The fidelity between two (single-qubit) quantum states can be easily translated into the euclidean distance between the two states on the Bloch sphere (hilbert-schidmit distance). I'm curious if this concept can be extended to unitaries. If we have two single-qubit unitary matrices, denoted as $U_1$ and $U_2$, is there a way to interpret the fidelity (or any other metric) between these matrices with respect to the Bloch sphere?
For example, consider the case of $U_1 = X$ and $U_2 = I$. $U_1$ transforms $\lvert 0 \rangle$ into $\lvert 1 \rangle$ and $\lvert 1 \rangle$ into $\lvert 0 \rangle$ on the Bloch sphere, whereas $U_2$ leaves each basis state unchanged. Perhaps one approach to assessing the distance between these two unitary matrices is to sum the differences in fidelity between the states evolved by each matrix. In other words, $2 - F(U_1 \lvert 0 \rangle, U_2 \lvert 0 \rangle) + F(U_1 \lvert 1 \rangle, U_2 \lvert 1 \rangle)$, where $F$ represents fidelity. In this example, $F = 2$.
So far, it appears feasible to establish a relationship between the metric of two unitaries in terms of the Bloch sphere. However, if we set $U_1 = Z$, then $2 - F(U_1 \lvert 0 \rangle, U_2 \lvert 0 \rangle) + F(U_1 \lvert 1 \rangle, U_2 \lvert 1 \rangle) = 0$, since $Z$ has no effect on either $\lvert 0 \rangle$ or $\lvert 1 \rangle$.

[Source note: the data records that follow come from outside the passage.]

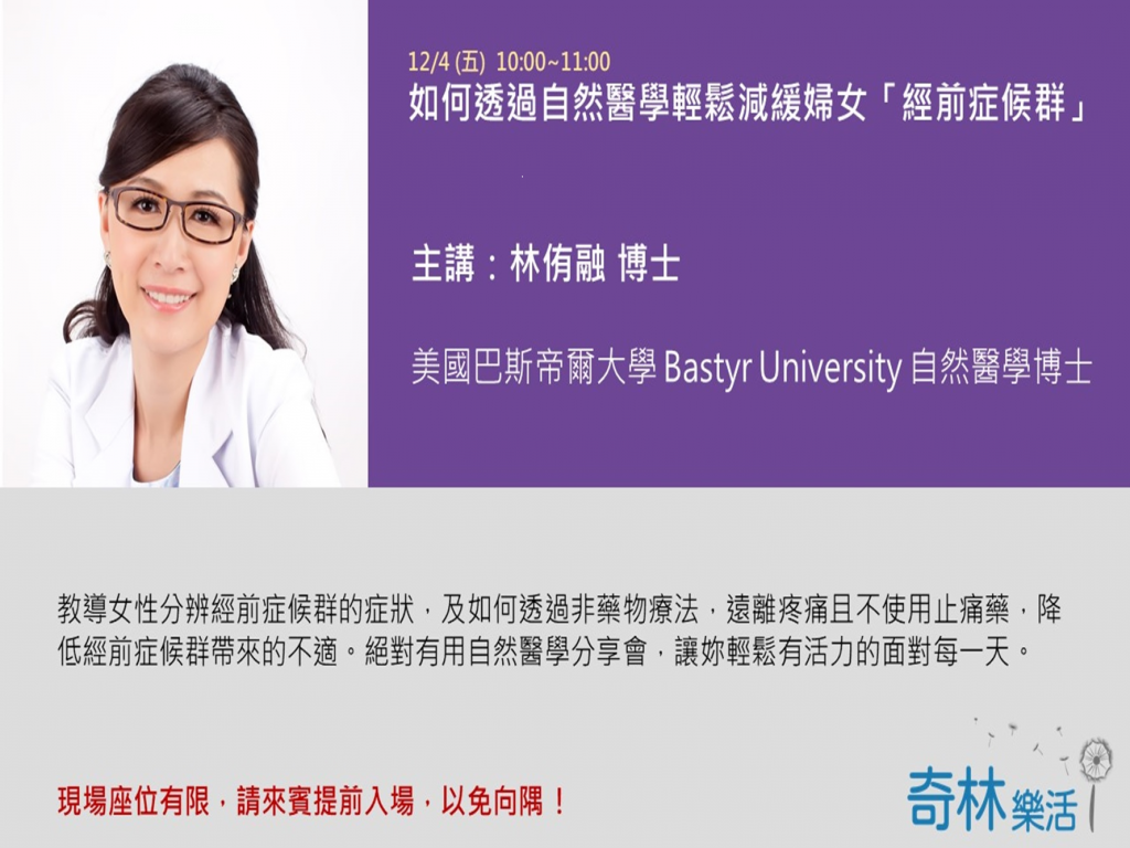 教導女性分辨經前症候群的症狀,及如何透過非藥物療法,遠離疼痛且不使用止痛藥,降低經前症候群帶來的不適。
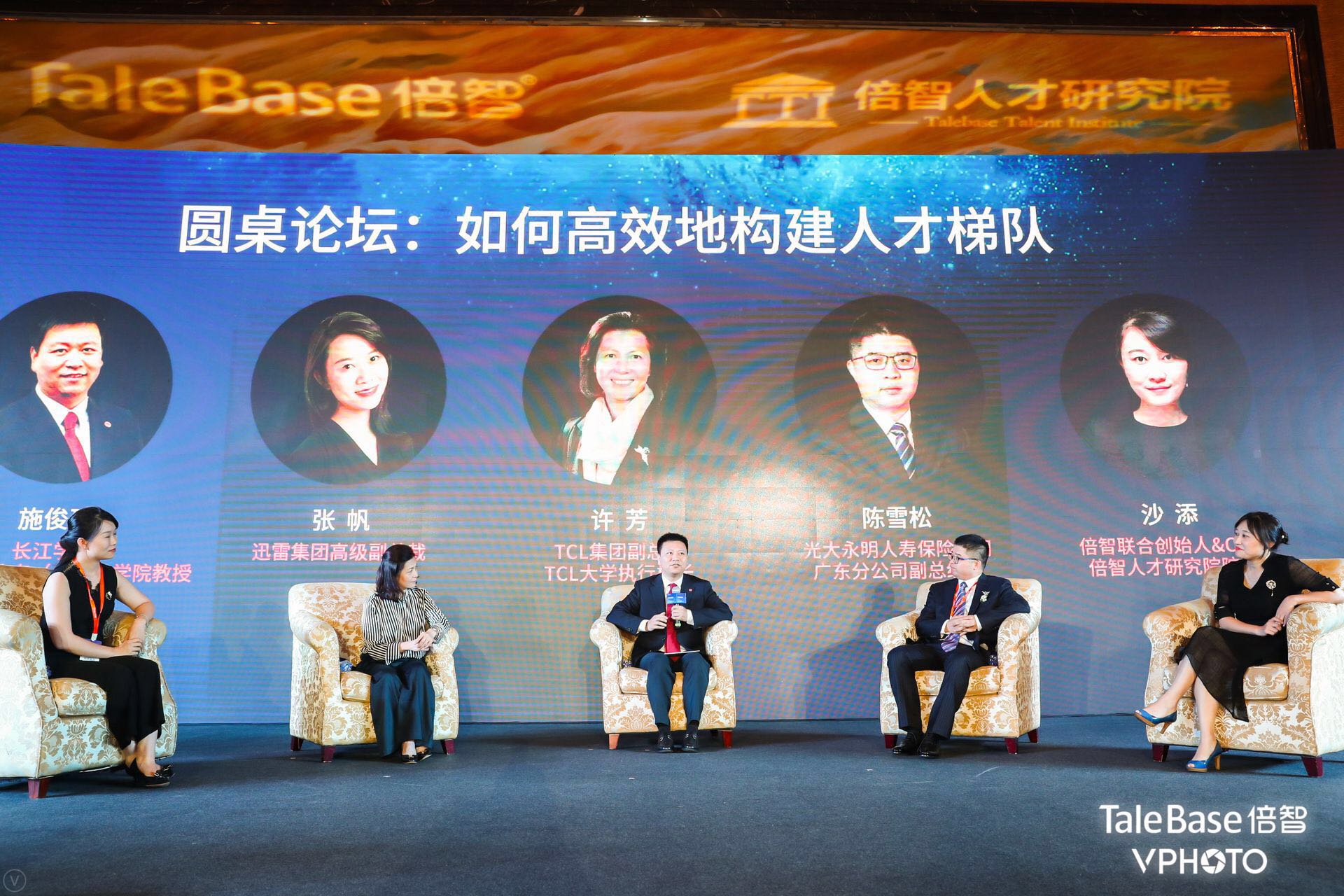 在8月16日举行的第二届国际人才供应链管理高峰论坛上,长江学者、中山大学岭南(大学)学院教授施俊琦先生担任圆桌论坛主持,迅雷集团高级副总裁张帆女士,TCL集团副总裁、TCL大学执行校长许芳女士,光大永明人寿广东分公司副总经理陈雪松先生,倍智人才研究院院长沙添女士出席圆桌论坛,共同探讨企业如何高效地构建人才梯队。
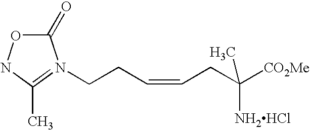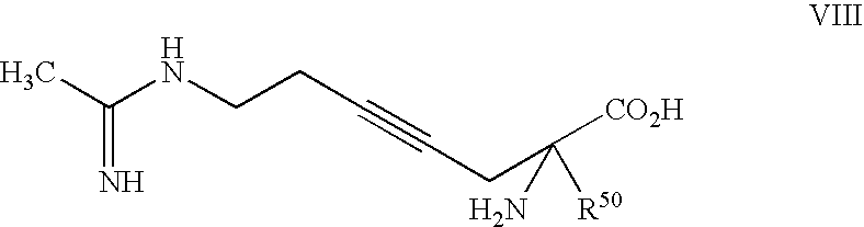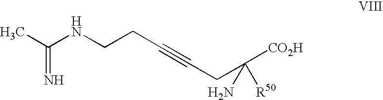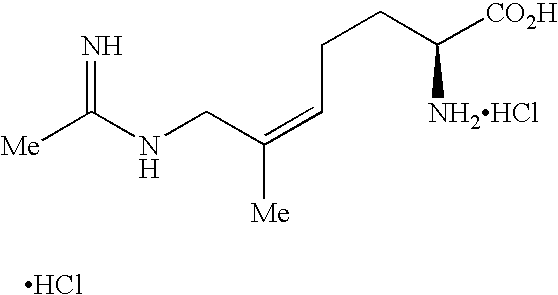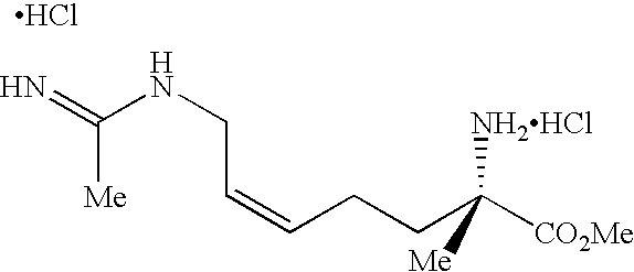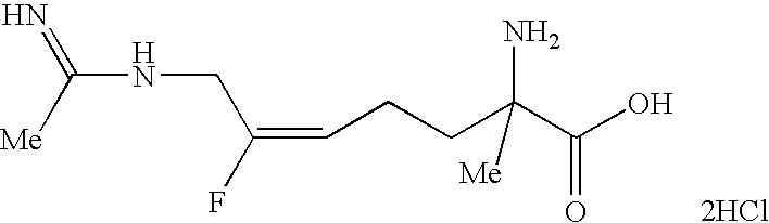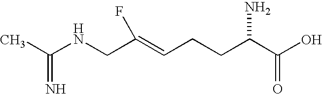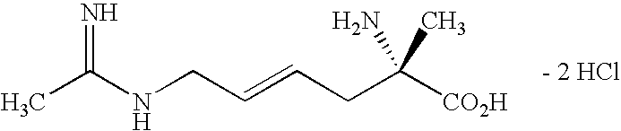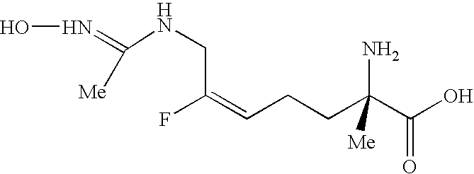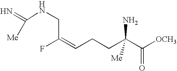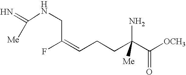 [0294] EX-F-5) The product from EX-F-4 (22.5 g, 0.047 mol) was dissolved in 112 mL of methanol. Vigorous stirring was begun and 225 mL of 40% acetic acid in water followed by zinc dust (11.5 g, 0.177 mmol) was added. The stirring reaction was placed under reflux (approx. 60° C.) for 2.5 h, at which time HPLC analysis showed that most of the starting material had been consumed. The reaction was cooled and the Zn was filtered from the reaction mixture through celite, washing the celite well with additional methanol. The filtrate and methanol washings were combined and concentrated. The resulting oily-white solid was washed with methylene chloride (2×500 mL) and filtered through a celite pad, an additional 500 mL methylene chloride wash was performed. The filtrates were combined and concentrated to provide a light yellow oil. The crude material, 39 g of a light-yellow oil, was purified by plug filtration on 200 mL silica gel eluting with 80:19:1 methanol: methylene chloride: acetic acid to give 13 g (83%) of the desired product. LCMS: m/z=432.3 [M+H]+. 1 [M+H]+. HRMS calcd. for C15H26FN3O4: 332.1986 [M+H]+, found: 332.1982.1H NMR (CD3OD) δ1.42 (s, 9H), 1.7 (m, 1H), 1.9 (m, 1H), 2.17 (m, 2H), 2.22 (s, 3H), 3.3 (m, 1H), 3.7 (s, 3H), 4.2 (d, 2H), 5.1 (dt, vinyl, 1H, J=21 Hz).19F NMR (CD3OD) δ−110.83 (m, 1F, J=21 Hz). [0295] Example F) A solution of the product of EX-F-5 (22 g, 0.066 mol) in 750 mL of 6.0 N HCl was refluxed for 45 min. The solvent was removed in vacuo. The resulting solid was dissolved in water and concentrated three additional times. The crude material was purified by reverse-phase HPLC column chromatography on a YMC ODS-AQ column eluting over 60 min pumping 100% isocratic B for 30 min followed by a gradient of 0-100% A for 10 min and a 100% A wash for 20 min (A: 100% acetonitrile, B: 100% H2O with 0.0025% acetic acid). Fractions containing product were combined and concentrated affording 3.5 g (68%) of the desired acetamidine product as a dihydorchloride salt, that contained only the desired (2S,5E)-2-amino-6-fluoro-7-[(1-iminoethyl)amino]-5-heptenoic acid, dihydrochloride product was obtained as a white solid, m.p. 51.5-56.3° C., that contained only the desired E-isomer by19F NMR. LCMS: m/z=218.1 [M+H]+. HRMS calcd. for C9H16FN3O2: 218.1305 [M+H]+, found: 218.1325.1H NMR (D2O) δ1.8 (m, 2H), 2.05 (m, 2H), 2.1 (s, 3H), 3.7 (t, 1H), 4.00 (d, 2H), 5.3 (dt, vinyl, 1H, J=21 Hz).19F NMR (D2O) δ−109.9 (m, 1F, J=20 Hz). [δ]589=+15.3 (C, 0.334, (H2O);) [δ]365=+52.8 (C, 0.334, (H20) [0296] [0297] [0298] EX-G-1) Gaseous HCl was bubbled for 5 min through a stirring cold (0° C.) solution of the product of EX-F-3 (14 g, 30.0 mmol) in 100 mL of methanol. The resulting dark yellow solution was stirred an additional 30 min, at which time HPLC indicated complete consumption of starting material. The resulting mixture was neutralized with saturated NaHCO3 to pH=8, and the product was extracted out with EtOAc. The organic layer was dried over MgSO4 and concentrated to give the desired amino ester product as a dark yellow oil that was carried on crude to the next step. LCMS: m/z=274 [M+Na]+.1H NMR (CDCl3) δ1.8 (m, 4H), 2.25 (s, 3H), 3.42 (bm, 1H), 3.80 (s, 3H), 4.4 (dd, 2H), 5.40 (dt, vinyl, 1H, J=21 Hz).19F NMR (CDCl3) δ−110.38 (m, 1F, J=21 Hz). [0299] Example G) A solution of the product of EX-G-1 (8 g, 30 mmol) in 70 mL of 2.5N NaOH was stirred for 10 min, at which time HPLC analysis indicated the complete consumption of starting material. The resulting solution was neutralized with 12N HCl (approximately 50 mL) to pH=7-8 and concentrated. The resulting slurry was washed with methanol, filtered to remove salts and concentrated to a brownish oil. The crude material was purified by reverse-phase HPLC column chromatography on a YMC ODS-AQ column eluting over 60 min pumping 100% isocratic B for 30 min followed by a gradient of 0-100% A for 10 min and a 100% A wash for 20 min (A: 100% acetonitrile, B: 100%). Fractions containing product were combined and concentrated affording 1.0 g (14%) of the desired product as a white solid. The product was recrystallized from hot water and isopropyl alcohol and collected by filtration to afford pure (2S,5E)-2-amino-6-fluoro-7-[(1-hydroximinoethyl)amino]-5-heptenoic acid as a white crystalline solid. Melting point: 198.00-200.00° C. LCMS: m/z=234.1 [M+H]+.1H NMR (D2O) δ1.8 (m, 4H), 2.05 (m, 2H), 3.6 (t, 1H), 3.9 (d, 2H), 5.2 (dt, vinyl, 1H, J=21 Hz).19F NMR (D2O) δ−112.1 (m, 1F, J=20 Hz).). Anal. calcd. for C9H16FN3O3: C, 46.35; H, 6.91; N, 18.02; O, 20.58. Found: C, 46.44; H, 6.95; N, 17.94; O, 20.78. Chiral analysis >97.7%: CrownPak CR(+) at 0.8 mL/min isocratic with 100% A (A: aqueous HClO4, pH=1.5). [0300] [0301] [0302] EX-H-1) The product from EX-F-3 (6.1 g, 0.013 mol) was dissolved in 4 mL of methanol. Vigorous stirring was begun and 10 mL of 6N HCl was added. The stirring reaction was placed under reflux (approx. 60° C.) for 18 h, at which time HPLC analysis showed that most of the starting material had been consumed. The reaction was cooled and concentrated to 3.3 g (100%) of orange oil. LCMS: m/z=282 [M+Na]+.
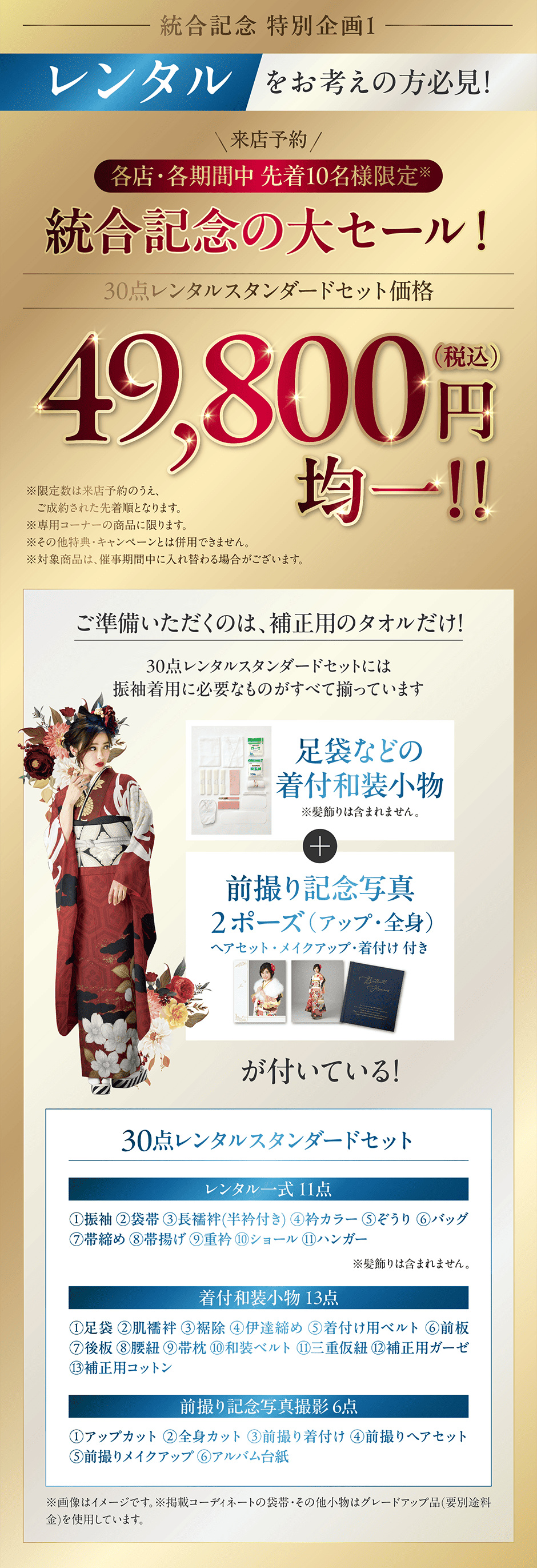 一蔵&オンディーヌ統合記念特別企画! 振袖レンタルセットが49,800円均一!など特別な商品をご用意しております。11/3まで

Hence, my question is whether it's ever possible to think about the closeness (the metric can be arbitrary, including HS distance, unitary fideltiy, etc) of the given two unitaries, $U_1$ and $U_2$, in terms of the Bloch sphere?
(This question is inspired by this recent post: Sufficient conditions for a single-qubit unitary to be the identity)